*** Opening Data for review ***

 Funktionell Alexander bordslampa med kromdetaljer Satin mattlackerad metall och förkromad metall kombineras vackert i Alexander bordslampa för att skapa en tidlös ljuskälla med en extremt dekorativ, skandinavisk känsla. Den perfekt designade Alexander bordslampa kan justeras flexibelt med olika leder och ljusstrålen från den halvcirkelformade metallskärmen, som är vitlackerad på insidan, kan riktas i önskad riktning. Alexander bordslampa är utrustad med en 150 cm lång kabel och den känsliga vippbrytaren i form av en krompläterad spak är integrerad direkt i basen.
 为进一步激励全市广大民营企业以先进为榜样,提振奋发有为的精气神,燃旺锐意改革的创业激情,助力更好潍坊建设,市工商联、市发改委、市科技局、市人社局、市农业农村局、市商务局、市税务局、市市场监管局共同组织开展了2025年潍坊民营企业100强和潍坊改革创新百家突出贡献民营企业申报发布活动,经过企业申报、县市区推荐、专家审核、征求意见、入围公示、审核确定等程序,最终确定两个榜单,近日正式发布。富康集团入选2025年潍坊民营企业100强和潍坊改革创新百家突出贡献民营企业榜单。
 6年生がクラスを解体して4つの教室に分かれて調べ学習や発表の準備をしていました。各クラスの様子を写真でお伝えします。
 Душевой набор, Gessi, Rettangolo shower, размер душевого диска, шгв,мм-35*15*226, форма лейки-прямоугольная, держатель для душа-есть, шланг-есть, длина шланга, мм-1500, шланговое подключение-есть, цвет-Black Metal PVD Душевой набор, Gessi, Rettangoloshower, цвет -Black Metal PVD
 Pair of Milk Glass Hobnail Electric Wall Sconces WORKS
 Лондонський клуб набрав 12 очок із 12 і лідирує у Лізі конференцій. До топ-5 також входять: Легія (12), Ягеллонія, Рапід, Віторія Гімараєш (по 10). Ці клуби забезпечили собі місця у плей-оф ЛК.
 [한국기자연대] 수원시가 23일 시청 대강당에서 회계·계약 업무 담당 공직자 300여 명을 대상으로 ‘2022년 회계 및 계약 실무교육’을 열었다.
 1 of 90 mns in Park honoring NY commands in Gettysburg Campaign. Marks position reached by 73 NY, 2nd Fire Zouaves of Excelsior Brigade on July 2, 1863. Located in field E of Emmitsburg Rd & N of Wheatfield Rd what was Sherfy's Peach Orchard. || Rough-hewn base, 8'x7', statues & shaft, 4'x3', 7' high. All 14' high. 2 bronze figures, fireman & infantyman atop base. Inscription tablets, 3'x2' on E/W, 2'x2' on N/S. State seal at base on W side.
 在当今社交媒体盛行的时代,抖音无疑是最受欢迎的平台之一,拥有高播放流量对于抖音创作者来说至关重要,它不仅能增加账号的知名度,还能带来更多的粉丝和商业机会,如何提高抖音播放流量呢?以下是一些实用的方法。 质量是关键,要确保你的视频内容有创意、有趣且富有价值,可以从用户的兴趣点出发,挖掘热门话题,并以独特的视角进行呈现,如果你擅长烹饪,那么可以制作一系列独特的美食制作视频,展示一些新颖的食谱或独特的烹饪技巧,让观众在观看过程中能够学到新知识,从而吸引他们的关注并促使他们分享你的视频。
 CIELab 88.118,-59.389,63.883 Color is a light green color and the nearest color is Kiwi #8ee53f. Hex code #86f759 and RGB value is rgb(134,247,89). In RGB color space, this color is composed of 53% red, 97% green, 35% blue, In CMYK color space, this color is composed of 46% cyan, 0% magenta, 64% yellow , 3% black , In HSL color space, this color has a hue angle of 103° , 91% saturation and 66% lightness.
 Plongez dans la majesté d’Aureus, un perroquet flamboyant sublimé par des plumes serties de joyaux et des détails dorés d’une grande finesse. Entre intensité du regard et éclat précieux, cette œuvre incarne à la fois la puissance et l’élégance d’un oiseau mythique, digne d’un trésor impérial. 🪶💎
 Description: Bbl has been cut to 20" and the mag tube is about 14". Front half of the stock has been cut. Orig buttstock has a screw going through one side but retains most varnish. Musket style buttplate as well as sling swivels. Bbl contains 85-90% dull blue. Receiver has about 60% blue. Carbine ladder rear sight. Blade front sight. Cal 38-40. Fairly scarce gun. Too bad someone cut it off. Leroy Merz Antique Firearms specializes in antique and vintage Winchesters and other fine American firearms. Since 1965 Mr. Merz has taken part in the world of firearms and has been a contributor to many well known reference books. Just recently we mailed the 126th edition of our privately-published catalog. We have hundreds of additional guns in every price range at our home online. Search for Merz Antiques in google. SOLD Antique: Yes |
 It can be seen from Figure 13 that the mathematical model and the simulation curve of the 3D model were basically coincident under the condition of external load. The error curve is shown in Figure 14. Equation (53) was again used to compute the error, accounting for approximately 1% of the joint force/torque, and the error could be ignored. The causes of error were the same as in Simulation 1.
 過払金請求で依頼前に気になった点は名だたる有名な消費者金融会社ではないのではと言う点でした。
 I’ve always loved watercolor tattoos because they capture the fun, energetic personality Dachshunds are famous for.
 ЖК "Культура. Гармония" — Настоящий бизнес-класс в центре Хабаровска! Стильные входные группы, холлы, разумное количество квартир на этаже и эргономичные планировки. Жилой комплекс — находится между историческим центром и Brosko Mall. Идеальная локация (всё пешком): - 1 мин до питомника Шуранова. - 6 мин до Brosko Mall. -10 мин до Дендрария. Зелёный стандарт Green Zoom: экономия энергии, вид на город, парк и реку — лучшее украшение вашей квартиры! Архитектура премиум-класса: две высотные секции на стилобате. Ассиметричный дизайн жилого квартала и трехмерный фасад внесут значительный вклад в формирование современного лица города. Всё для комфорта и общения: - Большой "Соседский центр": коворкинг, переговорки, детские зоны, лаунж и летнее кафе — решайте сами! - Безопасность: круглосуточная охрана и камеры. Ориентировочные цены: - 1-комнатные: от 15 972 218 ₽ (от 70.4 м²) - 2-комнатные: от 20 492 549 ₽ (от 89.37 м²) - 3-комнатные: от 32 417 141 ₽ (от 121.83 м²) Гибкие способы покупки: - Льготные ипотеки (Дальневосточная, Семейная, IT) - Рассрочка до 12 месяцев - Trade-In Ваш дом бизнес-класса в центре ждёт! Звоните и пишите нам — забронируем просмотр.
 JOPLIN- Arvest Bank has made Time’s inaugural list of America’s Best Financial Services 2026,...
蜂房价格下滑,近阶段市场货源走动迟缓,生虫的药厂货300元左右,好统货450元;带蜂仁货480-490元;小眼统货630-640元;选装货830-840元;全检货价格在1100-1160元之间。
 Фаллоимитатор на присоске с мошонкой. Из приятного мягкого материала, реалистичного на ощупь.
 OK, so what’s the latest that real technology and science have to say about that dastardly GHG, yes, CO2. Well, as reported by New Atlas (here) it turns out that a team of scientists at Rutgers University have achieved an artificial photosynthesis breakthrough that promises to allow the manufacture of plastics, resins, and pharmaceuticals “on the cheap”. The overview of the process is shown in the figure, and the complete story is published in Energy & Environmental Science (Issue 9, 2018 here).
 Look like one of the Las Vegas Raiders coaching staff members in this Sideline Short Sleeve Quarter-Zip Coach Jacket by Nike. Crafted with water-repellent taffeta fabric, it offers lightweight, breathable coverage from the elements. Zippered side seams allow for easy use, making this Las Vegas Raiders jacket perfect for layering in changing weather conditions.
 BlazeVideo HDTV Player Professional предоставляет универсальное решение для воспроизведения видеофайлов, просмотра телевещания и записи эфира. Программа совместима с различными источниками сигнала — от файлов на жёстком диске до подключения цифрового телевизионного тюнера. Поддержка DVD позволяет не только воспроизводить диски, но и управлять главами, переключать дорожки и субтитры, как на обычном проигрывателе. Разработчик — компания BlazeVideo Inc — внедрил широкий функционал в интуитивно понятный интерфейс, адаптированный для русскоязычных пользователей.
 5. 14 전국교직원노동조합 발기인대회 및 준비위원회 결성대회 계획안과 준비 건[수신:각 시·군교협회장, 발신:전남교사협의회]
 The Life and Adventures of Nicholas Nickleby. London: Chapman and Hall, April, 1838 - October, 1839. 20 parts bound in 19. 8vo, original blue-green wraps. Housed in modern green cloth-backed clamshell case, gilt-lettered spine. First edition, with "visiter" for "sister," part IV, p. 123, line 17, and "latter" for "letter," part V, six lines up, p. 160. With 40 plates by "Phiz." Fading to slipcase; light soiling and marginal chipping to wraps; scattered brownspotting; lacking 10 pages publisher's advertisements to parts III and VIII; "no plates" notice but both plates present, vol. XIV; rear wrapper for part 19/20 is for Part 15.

*** Closing Data for review ***

▶ **Your assignment**: Keep both end lines and retype everything in the records above from the line containing "Pair of Milk" through the line containing "Лондонський клуб набрав", exactly, with nothing else.

▶ **Task result**:
 Pair of Milk Glass Hobnail Electric Wall Sconces WORKS
 Лондонський клуб набрав 12 очок із 12 і лідирує у Лізі конференцій. До топ-5 також входять: Легія (12), Ягеллонія, Рапід, Віторія Гімараєш (по 10). Ці клуби забезпечили собі місця у плей-оф ЛК.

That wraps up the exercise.